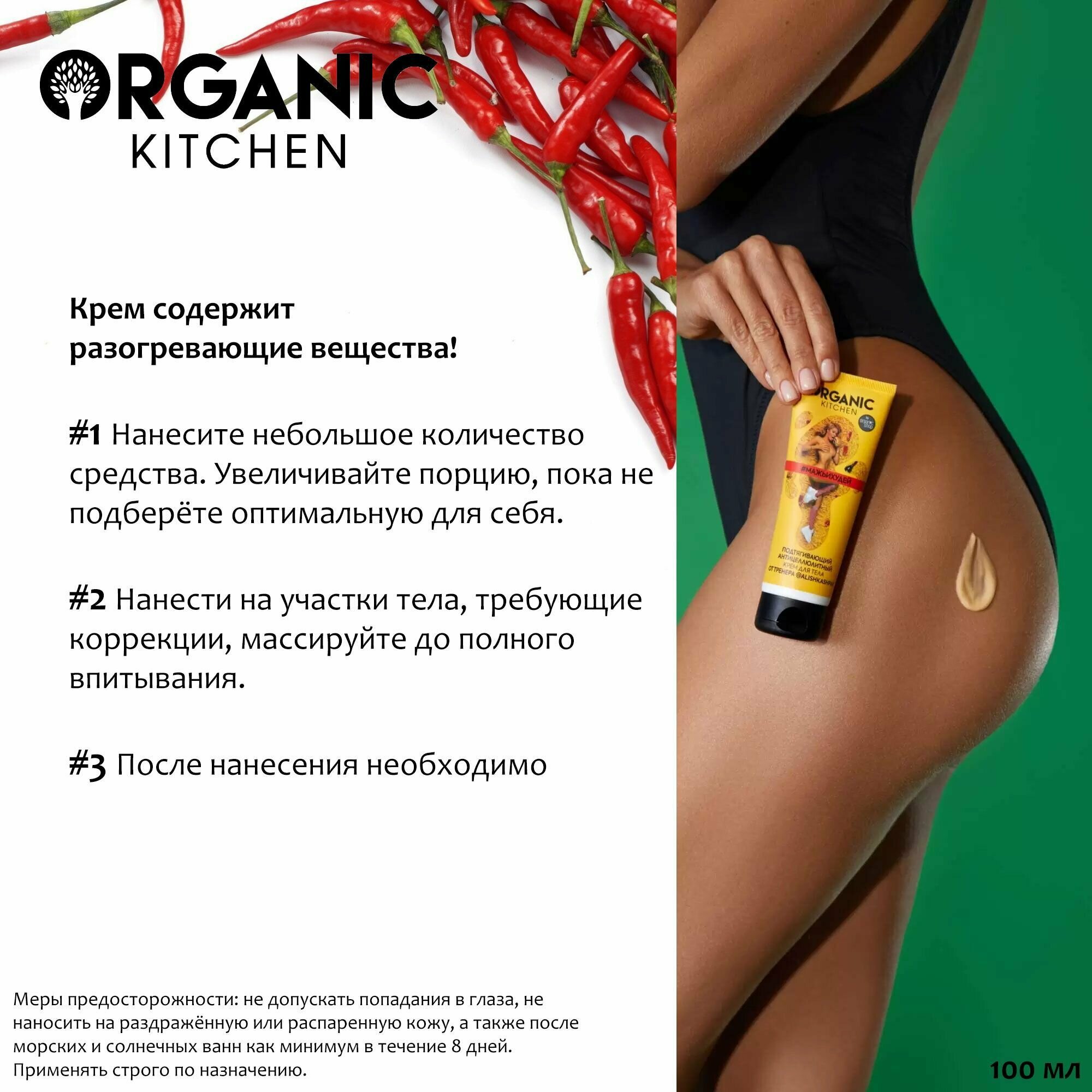 | Дополнительная информация | Крем для тела “#Мажьихудей” от тренера Алины Шпак - это лучший уход для вашей кожи. Антицеллюлитный подтягивающий крем для тела от Organic Kitchen содержит мощную формулу активных веществ, которые в кратчайшие сроки способствуют улучшению качества вашего тела. Создано специально для безопасного и бережного ухода за кожей. Уход за телом очень важен, наша кожа нуждается в заботе, увлажнении и защите. Крем для тела антицеллюлитный содержит экстракт конского каштана, который оказывает дренажный противоотечный эффект, повышает тонус кожи. Кофеин минимизирует проявления «апельсиновой корки». Экстракт перца оказывает разогревающее действие, при регулярном применении способствует уменьшению жировых отложений, улучшает обменные процессы в тканях. Гликолевая кислота стимулирует клеточное обновление. Такая уходовая косметика для тела - это качественное и эффективное питание вашей кожи. Отличный подарок маме, сестре, бабушке, подруге и любым близким людям. |
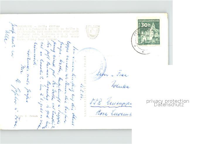 old postcard Krkonose Snezka Ruzovy Gory postalisch gelaufen Erhaltung siehe scans
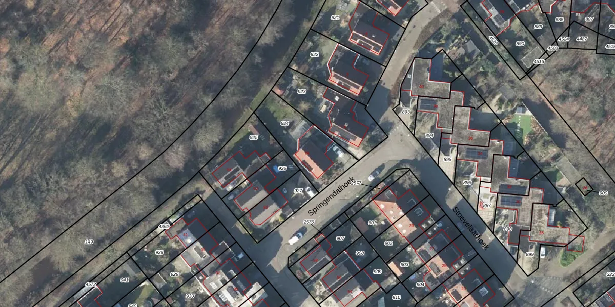Het perceel waarop Springendalhoek 66 staat heeft een oppervlakte van 449 m². Dit is een groot perceel. De perceeloppervlakte wordt geregistreerd door het Kadaster. Gedetailleerde informatie over de maten van dit perceel kunt u vinden in het rapport Kadastrale kaart met maatvoering van Springendalhoek 66.
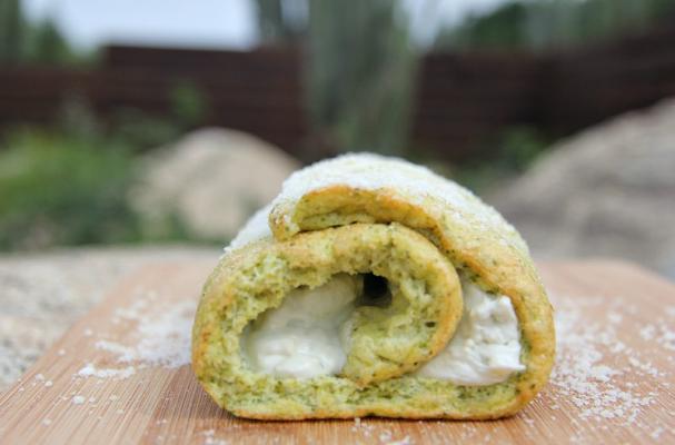 Using the parchment paper at the bottom from the smaller edge, roll the roulade up.
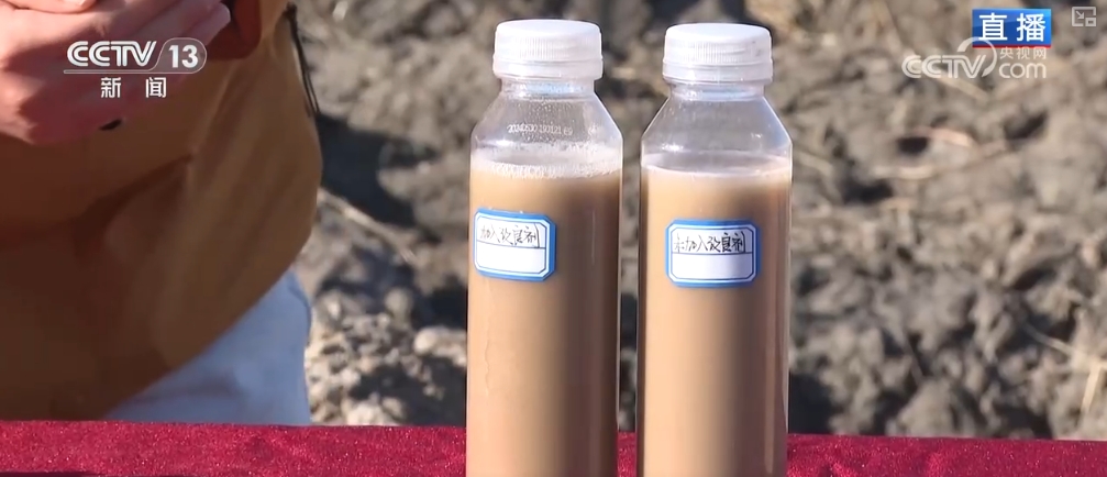这片田采用的是有机硅改良剂来治理的盐碱地,选取同地块的盐碱土溶于水中,加入有机硅后,土壤和水快速分层。可以看到,有机硅具有较强的亲土性,可以和土壤包裹一起,阻断盐分吸收,从而达到降碱和改变土壤板结的作用。这能让水稻更好地扎根生长,浑浊的水变清澈,也可以增加作物的光合作用,有效治理重度盐碱土壤。
============================================================
Task directions
Please copy the data above character for character, skipping any pictures.

Answer area
 | Дополнительная информация | Крем для тела “#Мажьихудей” от тренера Алины Шпак - это лучший уход для вашей кожи. Антицеллюлитный подтягивающий крем для тела от Organic Kitchen содержит мощную формулу активных веществ, которые в кратчайшие сроки способствуют улучшению качества вашего тела. Создано специально для безопасного и бережного ухода за кожей. Уход за телом очень важен, наша кожа нуждается в заботе, увлажнении и защите. Крем для тела антицеллюлитный содержит экстракт конского каштана, который оказывает дренажный противоотечный эффект, повышает тонус кожи. Кофеин минимизирует проявления «апельсиновой корки». Экстракт перца оказывает разогревающее действие, при регулярном применении способствует уменьшению жировых отложений, улучшает обменные процессы в тканях. Гликолевая кислота стимулирует клеточное обновление. Такая уходовая косметика для тела - это качественное и эффективное питание вашей кожи. Отличный подарок маме, сестре, бабушке, подруге и любым близким людям. |
 old postcard Krkonose Snezka Ruzovy Gory postalisch gelaufen Erhaltung siehe scans
Het perceel waarop Springendalhoek 66 staat heeft een oppervlakte van 449 m². Dit is een groot perceel. De perceeloppervlakte wordt geregistreerd door het Kadaster. Gedetailleerde informatie over de maten van dit perceel kunt u vinden in het rapport Kadastrale kaart met maatvoering van Springendalhoek 66.
 Using the parchment paper at the bottom from the smaller edge, roll the roulade up.
这片田采用的是有机硅改良剂来治理的盐碱地,选取同地块的盐碱土溶于水中,加入有机硅后,土壤和水快速分层。可以看到,有机硅具有较强的亲土性,可以和土壤包裹一起,阻断盐分吸收,从而达到降碱和改变土壤板结的作用。这能让水稻更好地扎根生长,浑浊的水变清澈,也可以增加作物的光合作用,有效治理重度盐碱土壤。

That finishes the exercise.